Exercise aim
What is needed is a word-for-word copy of the lines below from the one with "Интересный цветочный мотив" through the one with "The Heston 3-Piece", both included, with every picture left out.

Saved data entries:
-- Opening Marker --

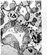| Электрон- ная микро- фото- графия | а) На приведённой микрофотографии - тонкие канальцы (1) и собирательная почечная трубочка (2). б) На апикальной поверхности клеток трубочек видны микроворсинки (2А). в) Но они расположены гораздо реже, чем в клетках проксимальных канальцев (см. выше), и не образуют поэтому щёточную каёмку. | Полный размер |
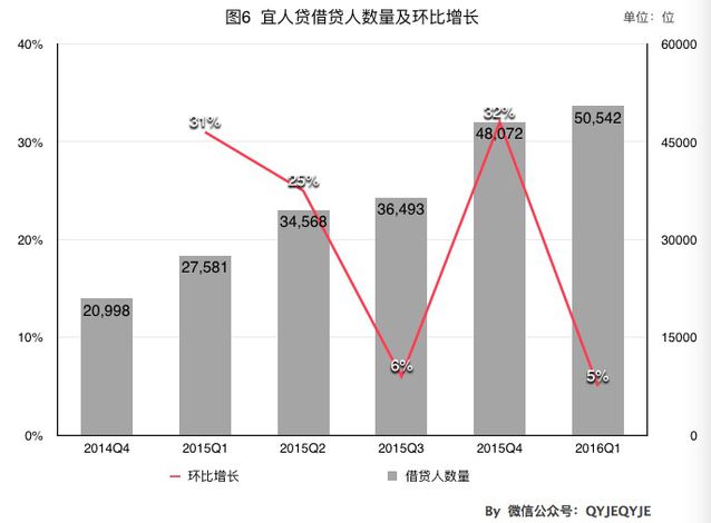 單借款人數(shù)變化情況,與看點一整體波動情況以及正?袋c二波動情況相似。增速都是在2015Q3季度泛起相對低谷;跟著宜人貸上市,泛起短暫的反彈;而后跟著整體宏觀環(huán)境,達到歷史最低點。 當然,整體絕對值情況,仍舊是繼承不亂發(fā)展。
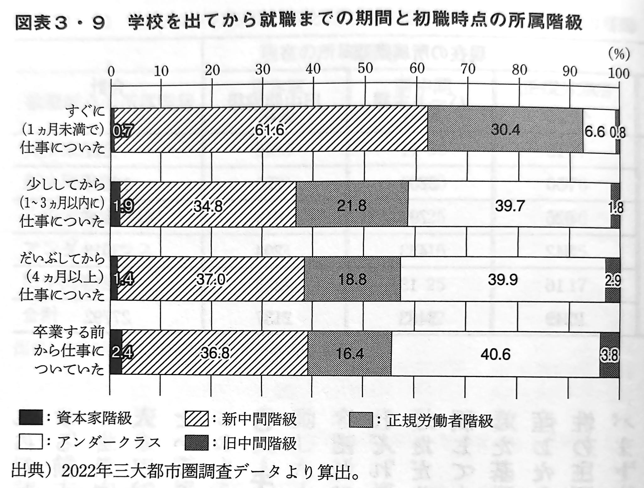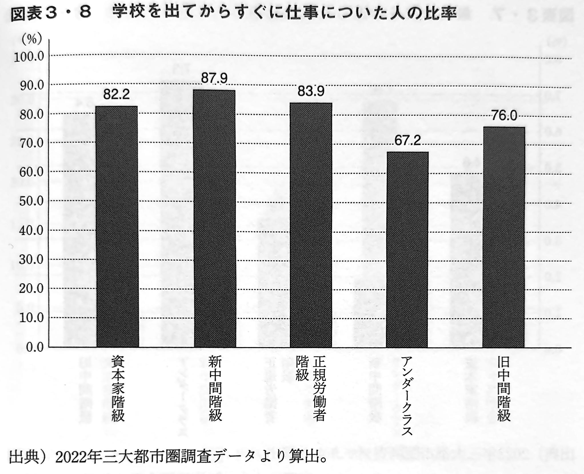 図表3・8(下図を参照)は、卒業(または中退)してすぐに仕事についた人の比率を示したものである。調査では卒業から1ヵ月未満で仕事についた場合を「すぐに仕事についた」として扱っている。アンダークラスはこの比率が他の階級に比べてかなり低く、67.2%に過ぎない。残りの32.8%の内訳は、「少ししてから(1〜3ヵ月以内)」が10.9%、「だいぶしてから(4ヵ月以上)が13.3%と多く、「卒業する前から仕事についていた」という、アルバイトがそのまま初職になったと思われるケースが8.6%となっている。
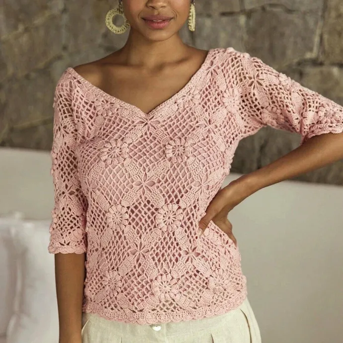 Интересный цветочный мотив из пышных столбиков и воздушных цепочек. Мотивы имеют квадратную форму, но за счёт воздушных цепочек соединение практически незаметно и узор кажется единым полотном. Для вывязывания V-образного выреза на схеме приведён вариант половинки мотива.
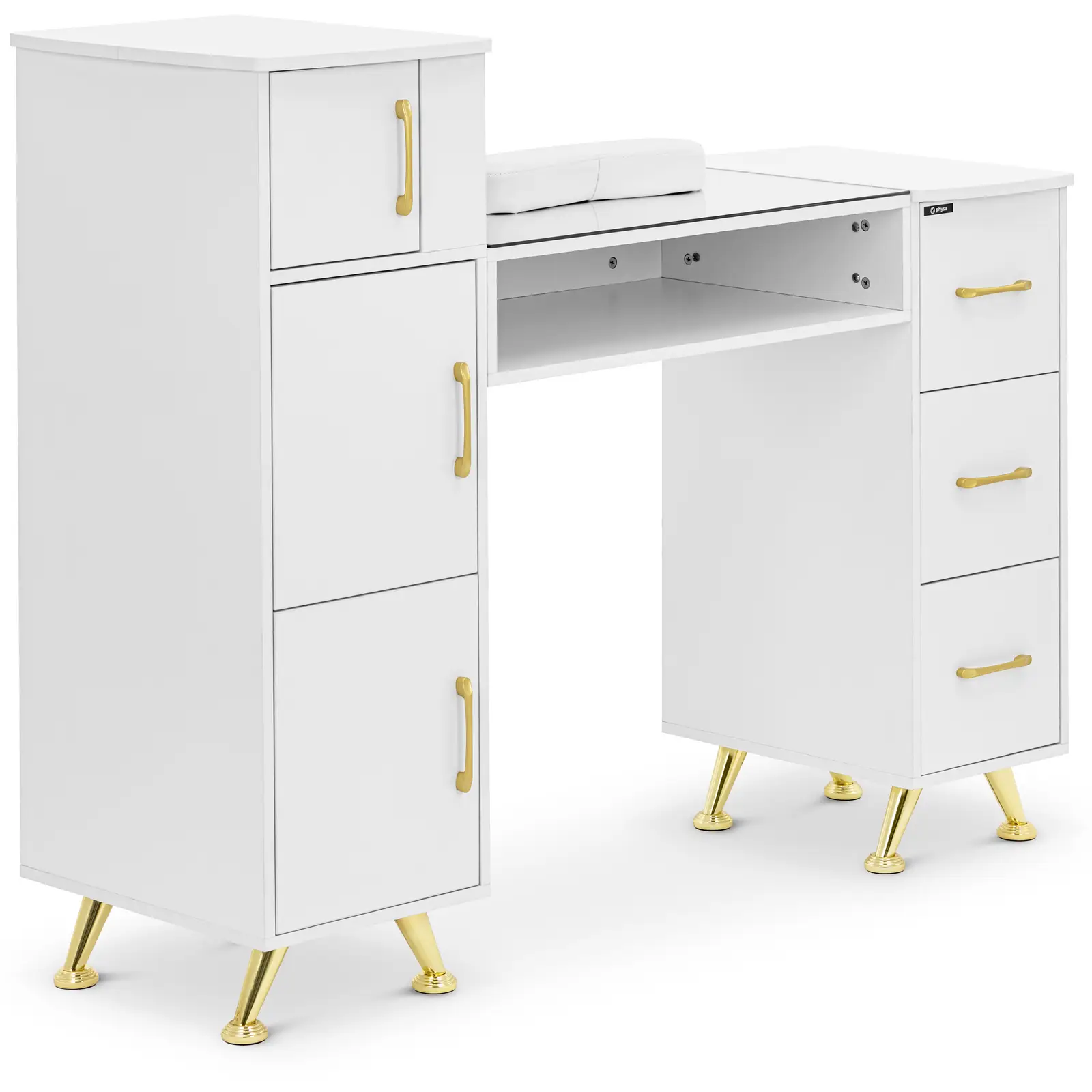 Masă Nail - blat de sticlă - alb / auriu - 3 sertare - suport pentru mâiniStație de manichiură - 1.200 x 503 x 803 mm - White} - pe 8 roți - cu sistem de aspirare a prafului și suport pentru mâiniBirou pentru unghii - 3 sertare - Extracție
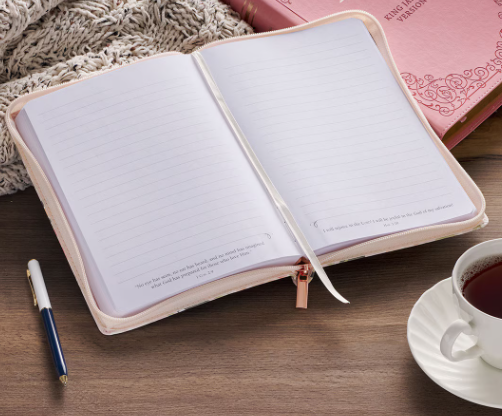 Dziennik ma różowy zamek z metalowym suwakiem, 336 stron w linie z wersetami, wstążkę zakładkę i stronę prezentową. Idealny upominek dla mentorki, liderki lub przyjaciółki.
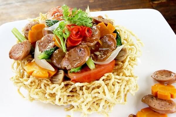 Đổ hỗn hợp sốt rau lên trên đĩa mì chiên giòn và dùng nóng.
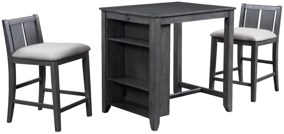 The Heston 3-Piece Counter Dining Set in rich gray combines practical design with modern aesthetics, making it a standout choice for compact living spaces. Constructed from solid rubberwood, engineered woods, and authentic Mindy wood veneers, this set is built for long-lasting durability and showcases the timeless beauty of real wood.Read More
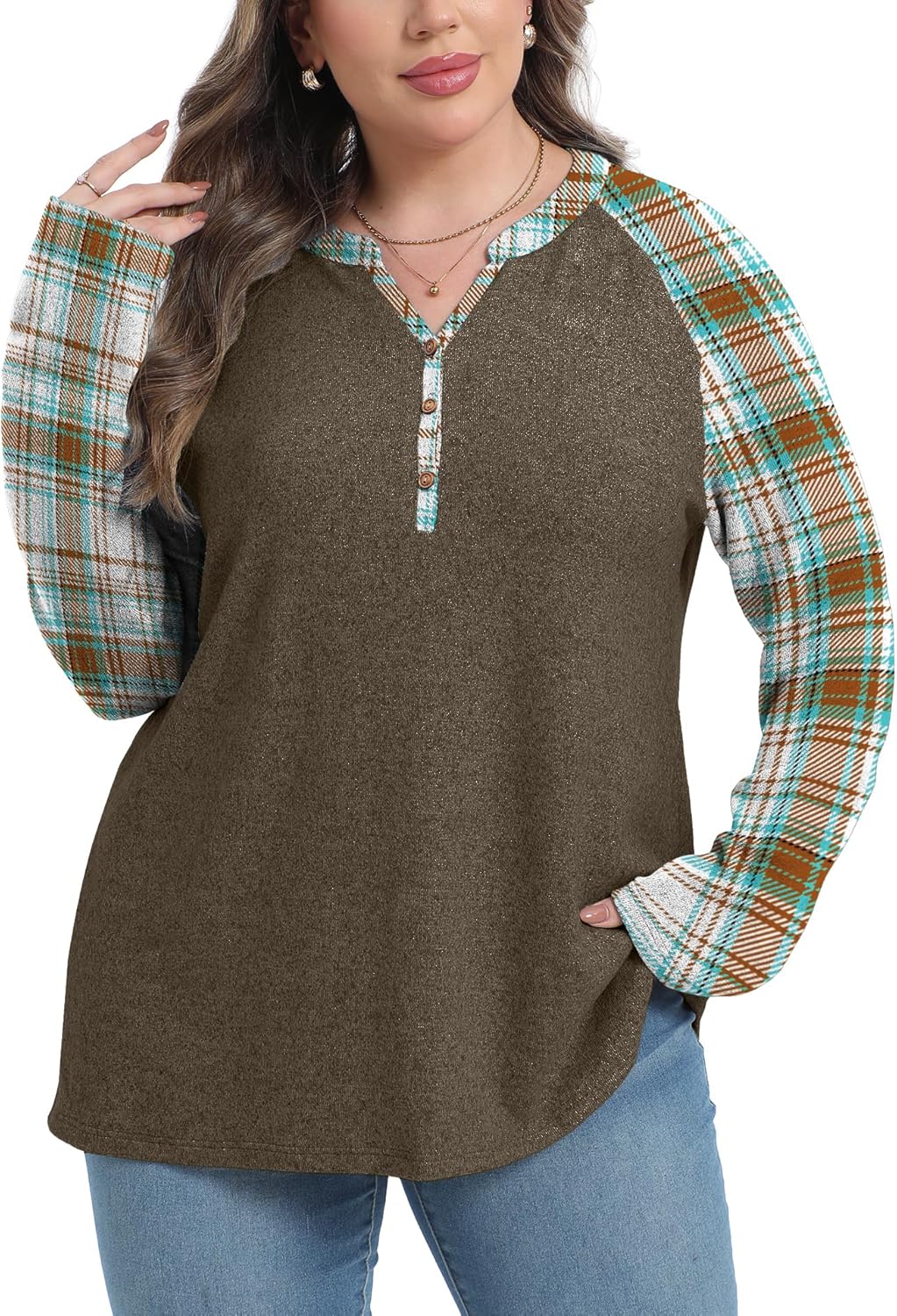 OLRIK Plus Size Tops for Women 2025 Fall Plaid Long Sleeve Henley Shirts Casual V Neck Button Tunic Tops

-- Closing Marker --

Reply to the task
 Интересный цветочный мотив из пышных столбиков и воздушных цепочек. Мотивы имеют квадратную форму, но за счёт воздушных цепочек соединение практически незаметно и узор кажется единым полотном. Для вывязывания V-образного выреза на схеме приведён вариант половинки мотива.
 Masă Nail - blat de sticlă - alb / auriu - 3 sertare - suport pentru mâiniStație de manichiură - 1.200 x 503 x 803 mm - White} - pe 8 roți - cu sistem de aspirare a prafului și suport pentru mâiniBirou pentru unghii - 3 sertare - Extracție
 Dziennik ma różowy zamek z metalowym suwakiem, 336 stron w linie z wersetami, wstążkę zakładkę i stronę prezentową. Idealny upominek dla mentorki, liderki lub przyjaciółki.
 Đổ hỗn hợp sốt rau lên trên đĩa mì chiên giòn và dùng nóng.
 The Heston 3-Piece Counter Dining Set in rich gray combines practical design with modern aesthetics, making it a standout choice for compact living spaces. Constructed from solid rubberwood, engineered woods, and authentic Mindy wood veneers, this set is built for long-lasting durability and showcases the timeless beauty of real wood.Read More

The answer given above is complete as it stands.